Загадочный разговор с самою собой, размышления о будущем, удивительные пророчества, стихи о смерти, любовные послания, жаркая любовь к Богу и тайна, тайна, тайна… Целый мир экзотической женской души раскрылся в «Аполлоне», и немногие из любителей поэзии остались к нему равнодушными.
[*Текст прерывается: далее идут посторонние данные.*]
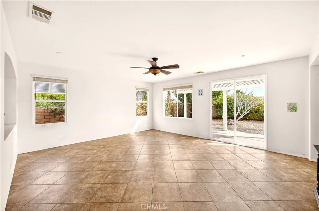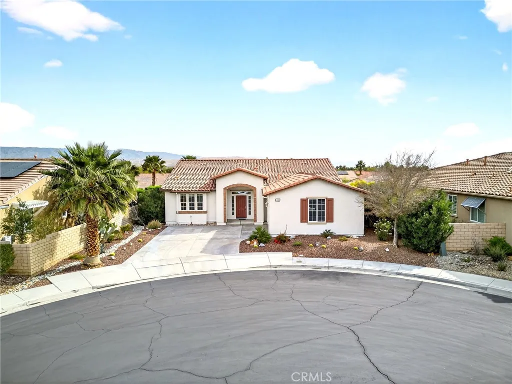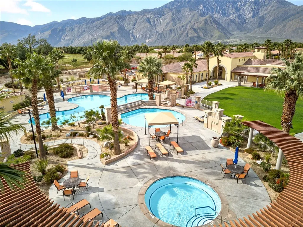 Welcome to the prestigious Four Seasons gated 55+ community in beautiful Palm Springs. This stunning 2,288 sq. ft. single-story home offers 3 bedrooms and 2 bathrooms with an open, airy floor plan and is ideally situated on a quiet cul-de-sac. The home features extensive 18” ceramic tile flooring and 9’ ceilings, creating a bright and spacious feel throughout. The gourmet kitchen showcases granite countertops, abundant cabinetry, a large center island, and a sunny breakfast area with beautiful mountain views. The formal dining room and expansive living room are perfect for entertaining and family gatherings. The spacious primary suite includes a huge walk-in closet and a luxurious en-suite bathroom with dual vanities, a relaxing jetted tub, and a step-in shower. An indoor laundry room with a utility sink provides direct access to the 2-car garage. Step outside to your private backyard retreat featuring low-maintenance desert landscaping, a concrete patio with an Alumawood patio cover, mature shrubbery, and fruit trees; recently redesigned with natural desert elements for both beauty and ease of care. Additional highlights include vinyl window blinds throughout and five ceiling fans. Residents of Four Seasons enjoy resort-style amenities at “The Lodge,” including a clubhouse ballroom, fitness and aerobics studios, game room, library, swimming pools, spas, tennis and pickleball courts, BBQ pavilion, scenic walking trails, and a full calendar of social events. HOA includes Frontier fiber internet. Located just minutes from downtown Palm Springs, fine dining, designer shopping, casinos, entertainment, and medical facilities—experience the ultimate Palm Springs lifestyle where luxury and convenience come together.

Здесь много стихов о молитве, о богослужении, о монашеском послухе… Это была явно не православная молитва, да и любовь – совсем другая, может, даже греховная:
Прибегая к деловитой нынешней терминологии, можно сказать, что литературный «проект Черубина де Габриак» оказался в высшей степени успешным. В отличие от некоторых других знаменитых «литературных проектов», скажем, от проекта «романы Дюма-отца» (написанные «неграми» знаменитого француза, лежащего ныне в Пантеоне), «проект» М. Волошина и Е. Дмитриевой не был нацелен на материальное обогащение и земные выгоды. Волошин любил помогать женщинам и даже собственную женитьбу ставил в зависимость от необходимости «гуманитарной помощи». Если верить «исповеди» Е. Дмитриевой, он и на ней тоже собирался жениться. Самая возможность помочь страждущей женщине приносила Волошину большое удовлетворение. Что касается шумного успеха Черубины, он не только подарил безвестной поэтессе самые счастливые дни ее жизни, но и автору мистификации дал возможность подшутить над самоуверенными эстетами из «Аполлона», которые не устояли перед чарами заморской аристократки Елизаветы Ивановны Дмитриевой. А они, если верить мемуаристам, были довольно крутые снобы. Мне довелось читать, в частности, в мемуарных «Встречах» поэта Владимира Пяста:
Из всех встречавшихся на моем жизненном пути снобов, несомненно, Маковский был наиболее снобичен. Особенно белые и крахмаленные груди над особенно большим вырезом жилетов, особенно высокие двойные воротнички, особенно лакированные ботинки и особенно выглаженная складка брюк. Кроме того говорили, что в Париже он навсегда протравил себе пробор особенным составом. Усы его глядели как-то нахально вверх… Выучиться ходить и стричь ногти «'a la papa Maco» (как они называли своего патрона) было гораздо легче, чем усвоить его безграничную самоуверенность.